Ask HN: How about a plugin to stop from compulsive buying - vedil

1. a plugin which asks for another (partner) phone number while installation
2. all &quot;buy&quot; or &quot;check out&quot; kind of links will trigger a &quot;duo push&quot; to the partner
3. only when partner agrees the buy button is enabled.
this will bring 2 people in the buying workflow which in itself reduces lot of UN-necessary that we buy
======
phantom_oracle
Too much work, very little return-incentives.

As UnoriginalGuy says: first big issue will be supporting 50+ devices *
browsers on said-devices (that alone should tell you to avoid it)

Then you'll need to analyze and build up a collection of thousands of
e-commerce stores with their specific check-out implementations.

Then you'll need to create filters for sensitive products (and try to define
what is sensitive to who)

Then you'll need to support angry spouses who bomb your limited support email
due to revenge-restrictions, partner-trolling, etc.

Lastly, some Google AdSense will become counter-productive to making money
from this (if you intend to).

Ads sell products and you stopping product-buying would be, well...

------
japhyr
I wonder if you could build in another method as well, that isn't dependent on
a second person agreeing on the purchase.
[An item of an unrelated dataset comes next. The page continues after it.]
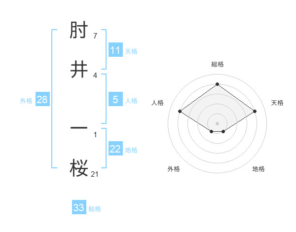 肘井 一桜さんを姓名の画数から五運を鑑定

Maybe something that would put in a
time delay on any purchase screen. A 24-hour delay on clicking submit for a
purchase might cut down impulsive buying.

------
UnoriginalGuy
If I can install it, I can disable it.

I own multiple devices (smartphones, PCs, and tablets) you could never be on
all of them and I could bypass your restrictions.

Plus I have three+ browsers installed and am familiar with safe mode and
incognito mode.

------
fcanela
I know several people who could benefit of your idea. The implementation seems
easy to the user.

Have you tested how much people in your circles _needs_ it?

------
orian
Isn't a today's economy based on compulsive buying? Such a plugin could cause
a global crisis.